Print every record below exactly, minus the pictures.

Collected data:
== Segment start ==

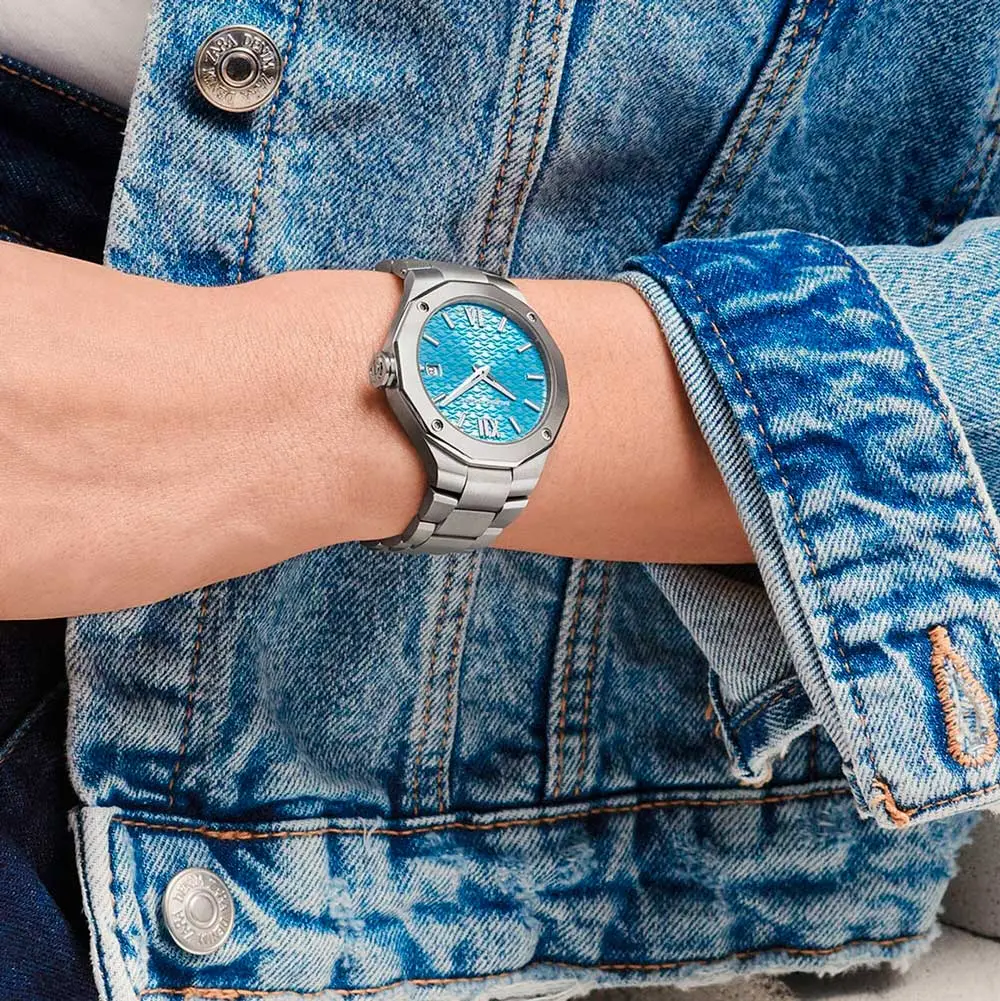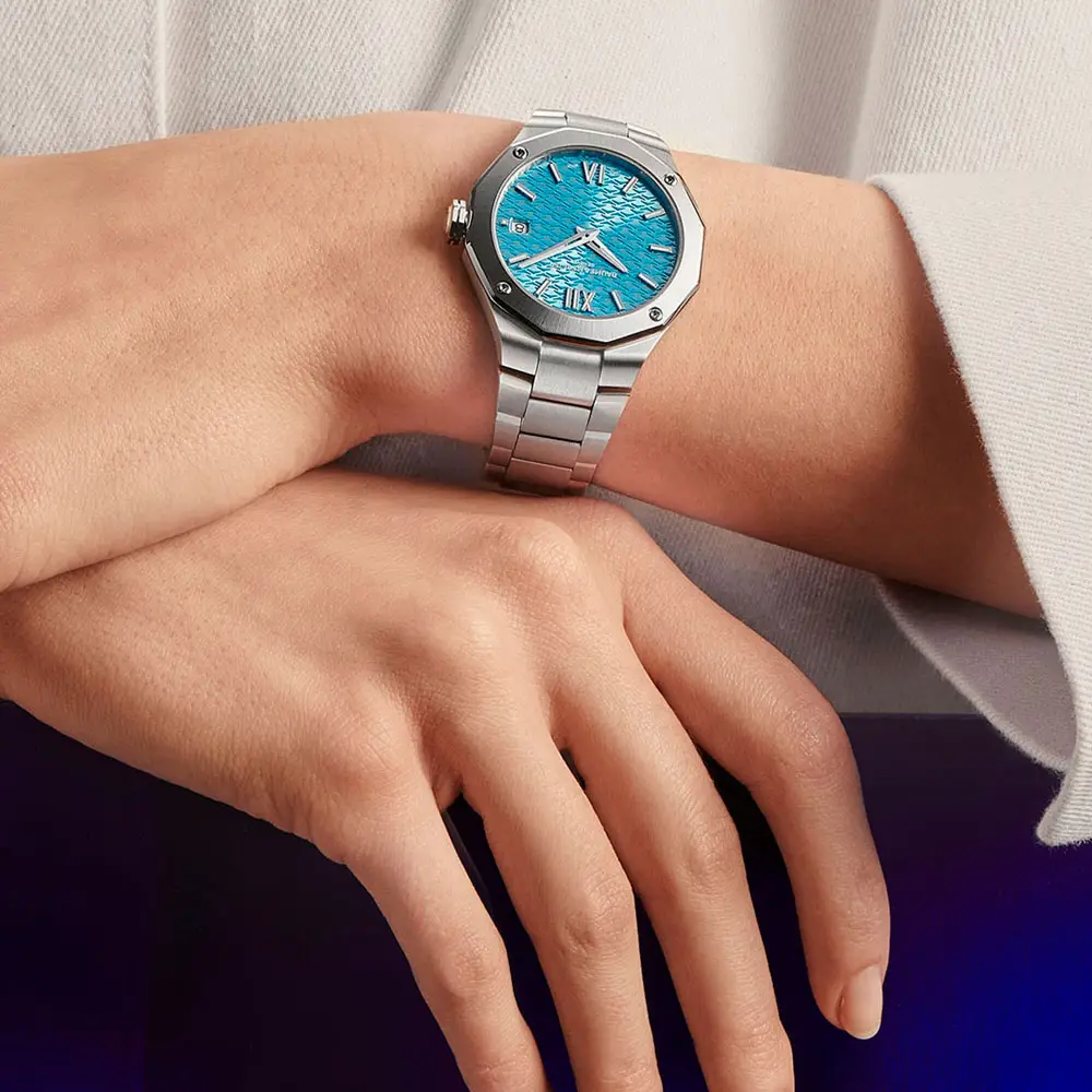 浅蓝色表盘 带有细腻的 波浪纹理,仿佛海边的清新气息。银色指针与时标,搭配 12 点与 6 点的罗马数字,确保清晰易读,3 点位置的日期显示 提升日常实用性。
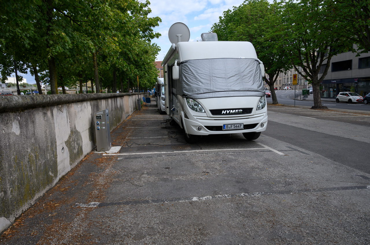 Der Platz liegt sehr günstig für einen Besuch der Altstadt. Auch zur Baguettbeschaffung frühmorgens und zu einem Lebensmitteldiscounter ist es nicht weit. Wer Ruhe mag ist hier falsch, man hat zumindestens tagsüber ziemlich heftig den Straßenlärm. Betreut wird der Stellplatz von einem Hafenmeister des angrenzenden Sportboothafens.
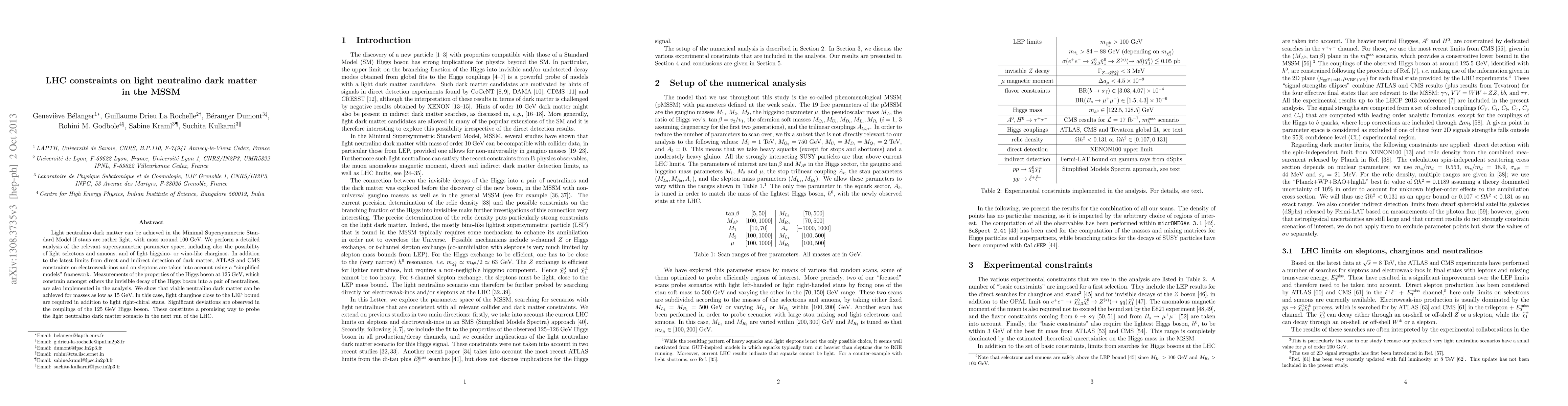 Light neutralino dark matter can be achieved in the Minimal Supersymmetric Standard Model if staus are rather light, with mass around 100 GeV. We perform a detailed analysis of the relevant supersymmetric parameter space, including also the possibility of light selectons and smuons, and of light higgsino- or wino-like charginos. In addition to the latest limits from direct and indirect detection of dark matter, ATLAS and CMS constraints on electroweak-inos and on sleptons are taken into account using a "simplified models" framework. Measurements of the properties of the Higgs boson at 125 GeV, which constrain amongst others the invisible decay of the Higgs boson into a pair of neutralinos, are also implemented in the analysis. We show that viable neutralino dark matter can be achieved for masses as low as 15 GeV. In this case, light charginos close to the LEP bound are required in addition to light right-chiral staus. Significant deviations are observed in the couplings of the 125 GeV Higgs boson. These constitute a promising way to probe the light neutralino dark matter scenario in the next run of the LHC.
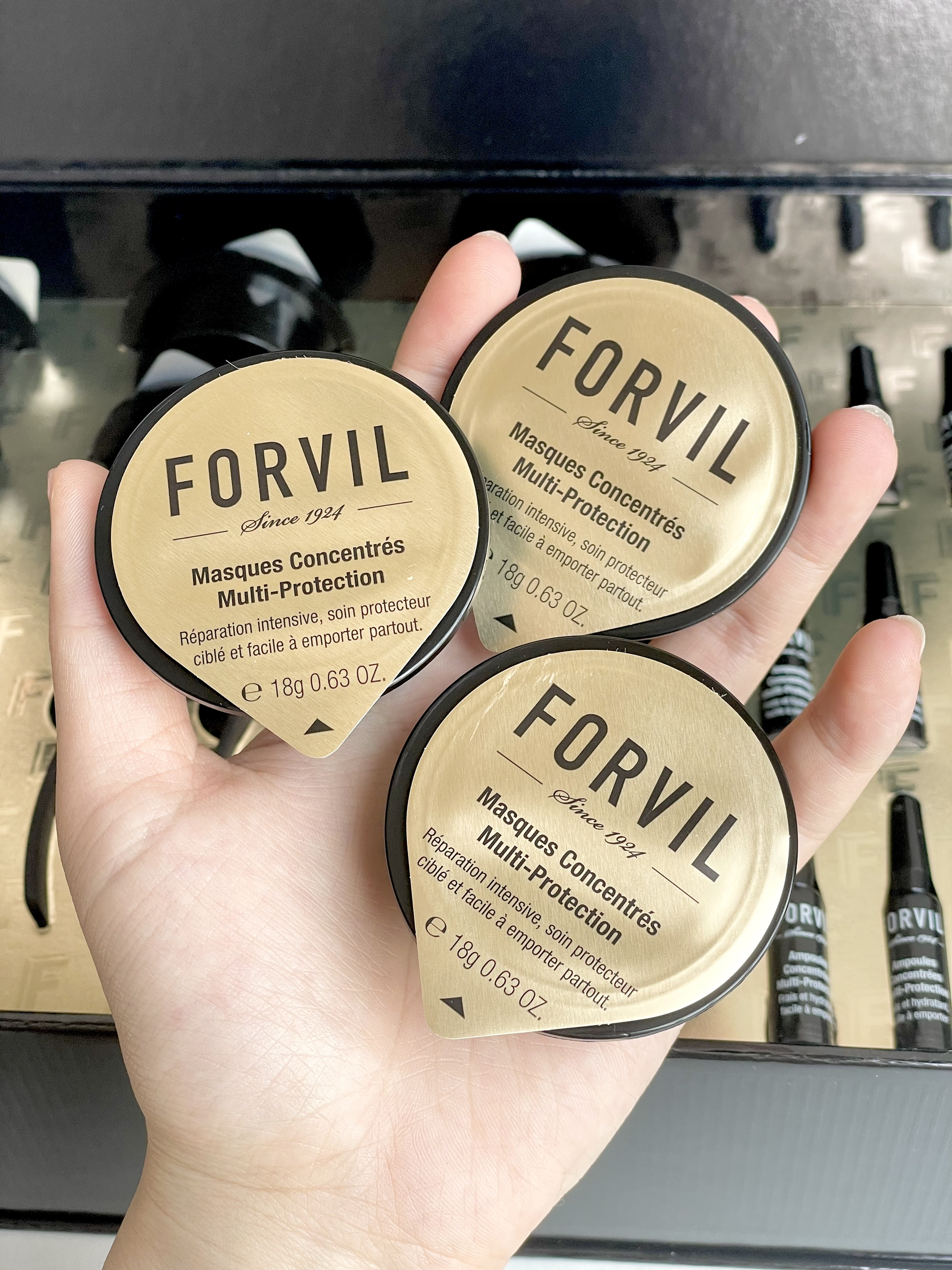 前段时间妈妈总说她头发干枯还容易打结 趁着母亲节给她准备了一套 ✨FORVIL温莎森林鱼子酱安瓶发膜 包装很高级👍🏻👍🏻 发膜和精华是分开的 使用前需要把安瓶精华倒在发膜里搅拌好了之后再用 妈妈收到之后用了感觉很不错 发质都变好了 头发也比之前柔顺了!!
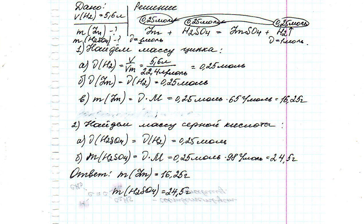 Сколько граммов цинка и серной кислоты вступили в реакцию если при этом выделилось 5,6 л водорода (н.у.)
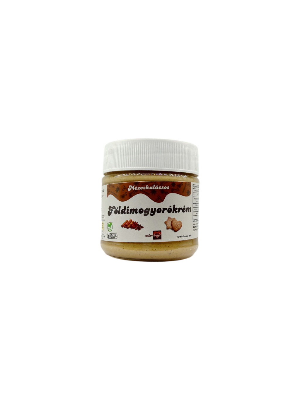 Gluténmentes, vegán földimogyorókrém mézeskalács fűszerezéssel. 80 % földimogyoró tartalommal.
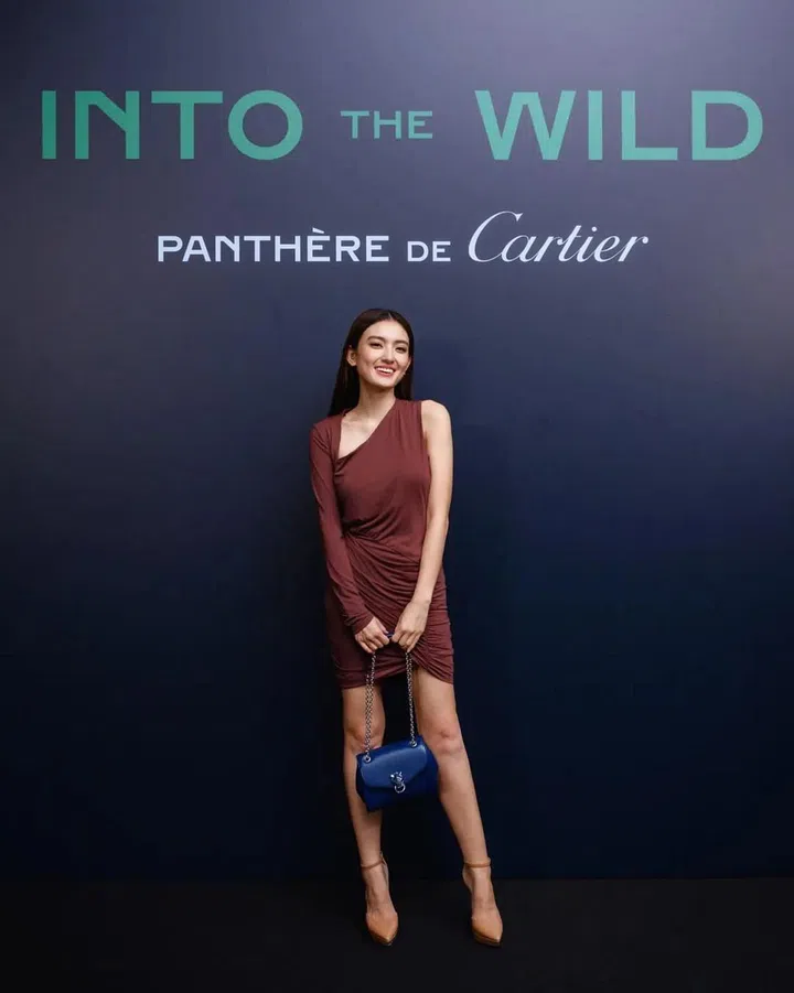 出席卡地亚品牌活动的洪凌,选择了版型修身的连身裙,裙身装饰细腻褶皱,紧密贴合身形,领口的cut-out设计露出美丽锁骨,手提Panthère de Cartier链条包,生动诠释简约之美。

== Segment end ==

Exercise answer:
 浅蓝色表盘 带有细腻的 波浪纹理,仿佛海边的清新气息。银色指针与时标,搭配 12 点与 6 点的罗马数字,确保清晰易读,3 点位置的日期显示 提升日常实用性。
 Der Platz liegt sehr günstig für einen Besuch der Altstadt. Auch zur Baguettbeschaffung frühmorgens und zu einem Lebensmitteldiscounter ist es nicht weit. Wer Ruhe mag ist hier falsch, man hat zumindestens tagsüber ziemlich heftig den Straßenlärm. Betreut wird der Stellplatz von einem Hafenmeister des angrenzenden Sportboothafens.
 Light neutralino dark matter can be achieved in the Minimal Supersymmetric Standard Model if staus are rather light, with mass around 100 GeV. We perform a detailed analysis of the relevant supersymmetric parameter space, including also the possibility of light selectons and smuons, and of light higgsino- or wino-like charginos. In addition to the latest limits from direct and indirect detection of dark matter, ATLAS and CMS constraints on electroweak-inos and on sleptons are taken into account using a "simplified models" framework. Measurements of the properties of the Higgs boson at 125 GeV, which constrain amongst others the invisible decay of the Higgs boson into a pair of neutralinos, are also implemented in the analysis. We show that viable neutralino dark matter can be achieved for masses as low as 15 GeV. In this case, light charginos close to the LEP bound are required in addition to light right-chiral staus. Significant deviations are observed in the couplings of the 125 GeV Higgs boson. These constitute a promising way to probe the light neutralino dark matter scenario in the next run of the LHC.
 前段时间妈妈总说她头发干枯还容易打结 趁着母亲节给她准备了一套 ✨FORVIL温莎森林鱼子酱安瓶发膜 包装很高级👍🏻👍🏻 发膜和精华是分开的 使用前需要把安瓶精华倒在发膜里搅拌好了之后再用 妈妈收到之后用了感觉很不错 发质都变好了 头发也比之前柔顺了!!
 Сколько граммов цинка и серной кислоты вступили в реакцию если при этом выделилось 5,6 л водорода (н.у.)
 Gluténmentes, vegán földimogyorókrém mézeskalács fűszerezéssel. 80 % földimogyoró tartalommal.
 出席卡地亚品牌活动的洪凌,选择了版型修身的连身裙,裙身装饰细腻褶皱,紧密贴合身形,领口的cut-out设计露出美丽锁骨,手提Panthère de Cartier链条包,生动诠释简约之美。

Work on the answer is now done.